START Provided material
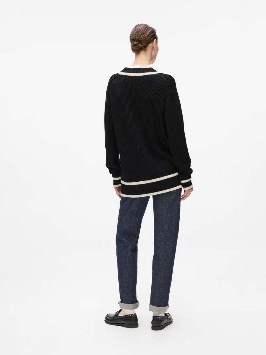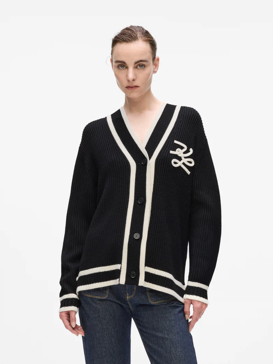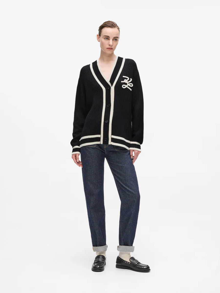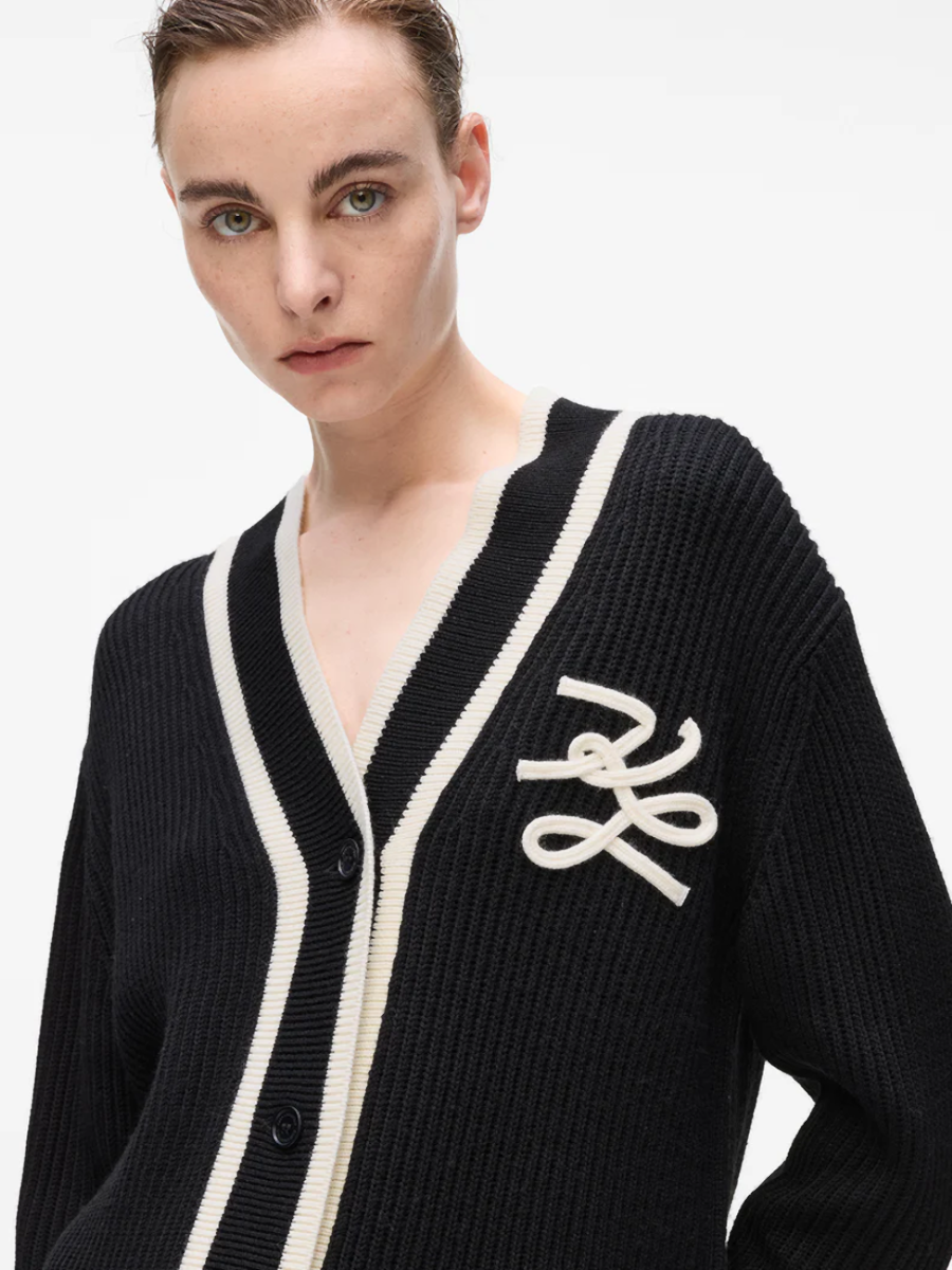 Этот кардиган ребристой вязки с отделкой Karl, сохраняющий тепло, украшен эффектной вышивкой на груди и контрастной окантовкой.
END Provided material
START Provided material
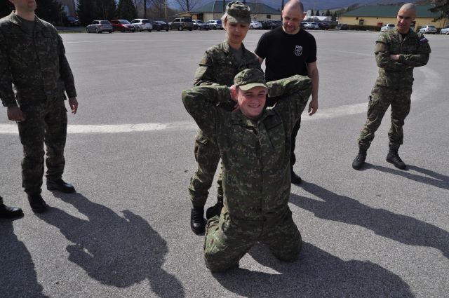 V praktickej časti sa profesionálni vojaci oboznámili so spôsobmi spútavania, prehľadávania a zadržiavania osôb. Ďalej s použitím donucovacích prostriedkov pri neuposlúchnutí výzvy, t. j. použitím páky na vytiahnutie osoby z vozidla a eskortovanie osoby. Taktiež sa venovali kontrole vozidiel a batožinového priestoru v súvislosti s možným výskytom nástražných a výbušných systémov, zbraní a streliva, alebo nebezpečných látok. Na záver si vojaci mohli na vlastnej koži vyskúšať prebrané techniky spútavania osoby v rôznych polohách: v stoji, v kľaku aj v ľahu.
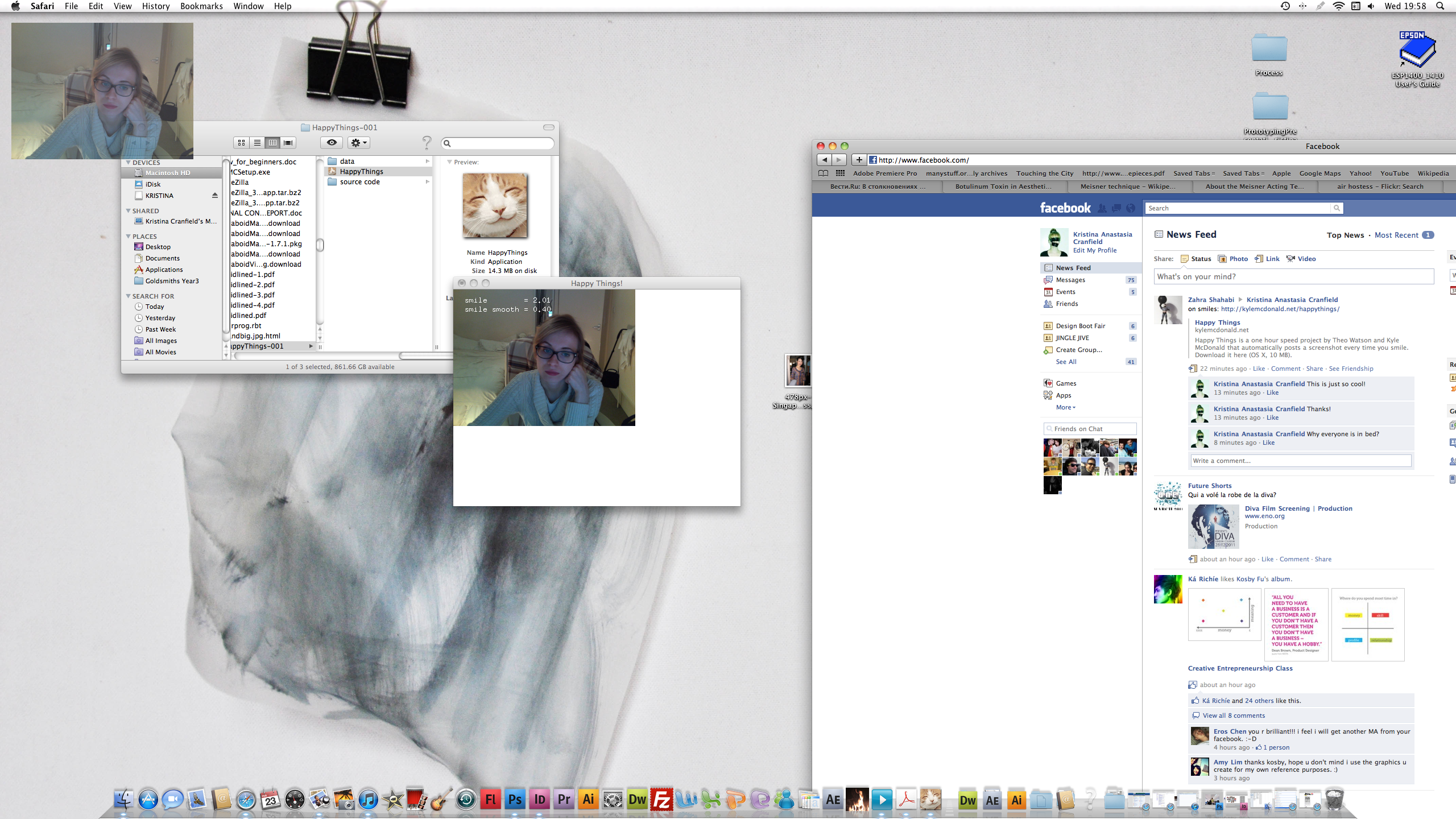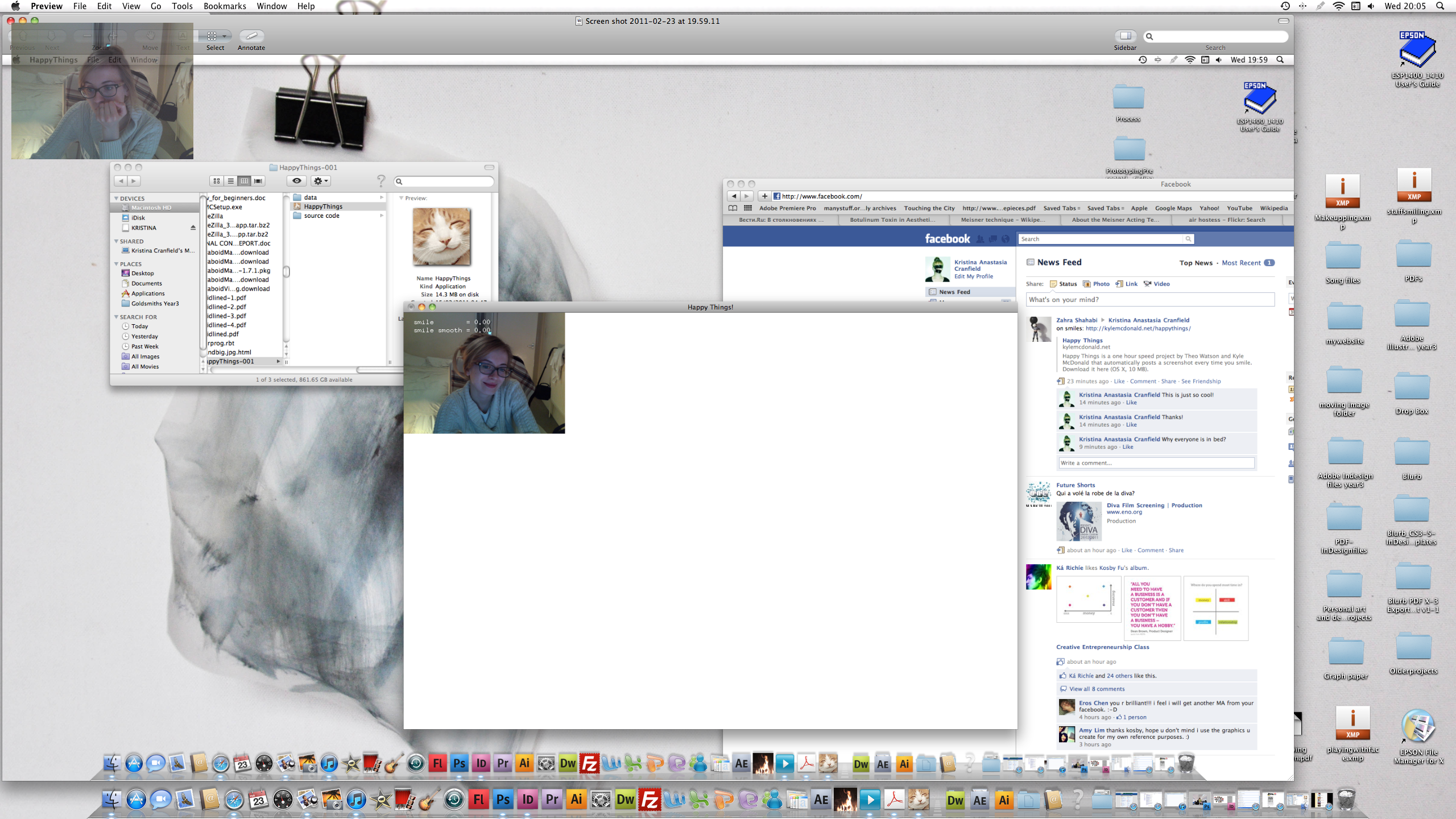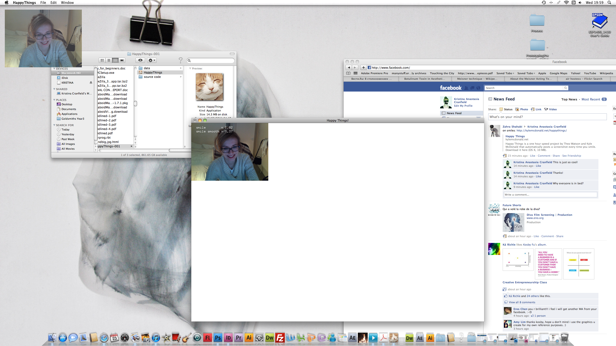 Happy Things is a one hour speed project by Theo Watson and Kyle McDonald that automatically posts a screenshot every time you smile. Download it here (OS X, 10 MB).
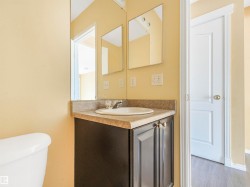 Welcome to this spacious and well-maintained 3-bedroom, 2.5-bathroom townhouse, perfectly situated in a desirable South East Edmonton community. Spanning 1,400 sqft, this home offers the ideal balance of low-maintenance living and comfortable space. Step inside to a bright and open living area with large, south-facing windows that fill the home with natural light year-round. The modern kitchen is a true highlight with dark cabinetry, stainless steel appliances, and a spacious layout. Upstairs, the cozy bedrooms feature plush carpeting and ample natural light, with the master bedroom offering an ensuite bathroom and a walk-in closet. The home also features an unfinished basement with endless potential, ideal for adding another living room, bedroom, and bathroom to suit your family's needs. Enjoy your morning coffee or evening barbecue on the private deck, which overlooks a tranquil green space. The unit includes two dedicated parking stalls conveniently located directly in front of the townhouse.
END Provided material
START Provided material
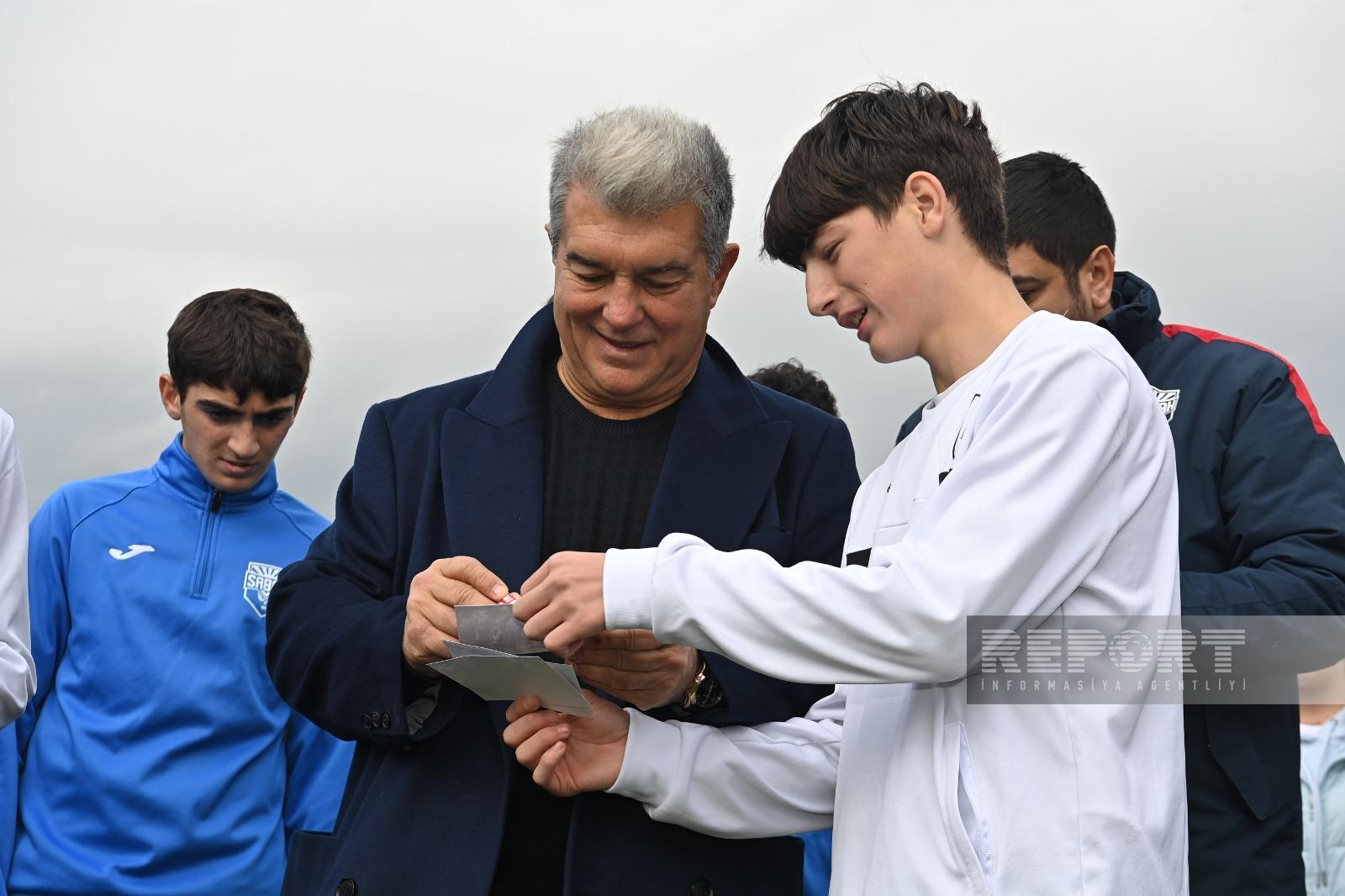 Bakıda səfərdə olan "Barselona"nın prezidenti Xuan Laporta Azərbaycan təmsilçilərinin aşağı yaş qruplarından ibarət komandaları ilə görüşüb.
END Provided material
* **The task**: When copying from the data above, print only the lines from the line containing "V praktickej časti" to the line containing "Happy Things is", exactly, and leave the pictures out.

* **Expected output**:
 V praktickej časti sa profesionálni vojaci oboznámili so spôsobmi spútavania, prehľadávania a zadržiavania osôb. Ďalej s použitím donucovacích prostriedkov pri neuposlúchnutí výzvy, t. j. použitím páky na vytiahnutie osoby z vozidla a eskortovanie osoby. Taktiež sa venovali kontrole vozidiel a batožinového priestoru v súvislosti s možným výskytom nástražných a výbušných systémov, zbraní a streliva, alebo nebezpečných látok. Na záver si vojaci mohli na vlastnej koži vyskúšať prebrané techniky spútavania osoby v rôznych polohách: v stoji, v kľaku aj v ľahu.
 Happy Things is a one hour speed project by Theo Watson and Kyle McDonald that automatically posts a screenshot every time you smile. Download it here (OS X, 10 MB).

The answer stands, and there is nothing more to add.